WHAT YOU ARE ASKED TO DO —
Please copy out the entries below exactly, beginning with the line that contains "ソウルを流れる漢江(ハンガン" and ending with the line that contains "Обои Желтые пятнистые", and include nothing outside that span.

SUPPLIED MATERIAL —

^^^^^^^^

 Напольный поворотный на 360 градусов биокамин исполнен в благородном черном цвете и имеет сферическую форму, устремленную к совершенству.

^^^^^^^^

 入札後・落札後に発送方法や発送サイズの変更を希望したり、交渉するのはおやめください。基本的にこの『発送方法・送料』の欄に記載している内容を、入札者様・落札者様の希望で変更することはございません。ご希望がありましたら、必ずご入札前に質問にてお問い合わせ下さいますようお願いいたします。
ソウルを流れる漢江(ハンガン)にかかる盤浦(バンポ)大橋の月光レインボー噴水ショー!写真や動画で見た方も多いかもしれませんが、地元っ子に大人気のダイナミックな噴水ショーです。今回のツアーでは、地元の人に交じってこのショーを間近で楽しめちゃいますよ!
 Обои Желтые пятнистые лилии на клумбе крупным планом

^^^^^^^^

REPLY TO THE EXERCISE —
ソウルを流れる漢江(ハンガン)にかかる盤浦(バンポ)大橋の月光レインボー噴水ショー!写真や動画で見た方も多いかもしれませんが、地元っ子に大人気のダイナミックな噴水ショーです。今回のツアーでは、地元の人に交じってこのショーを間近で楽しめちゃいますよ!
 Обои Желтые пятнистые лилии на клумбе крупным планом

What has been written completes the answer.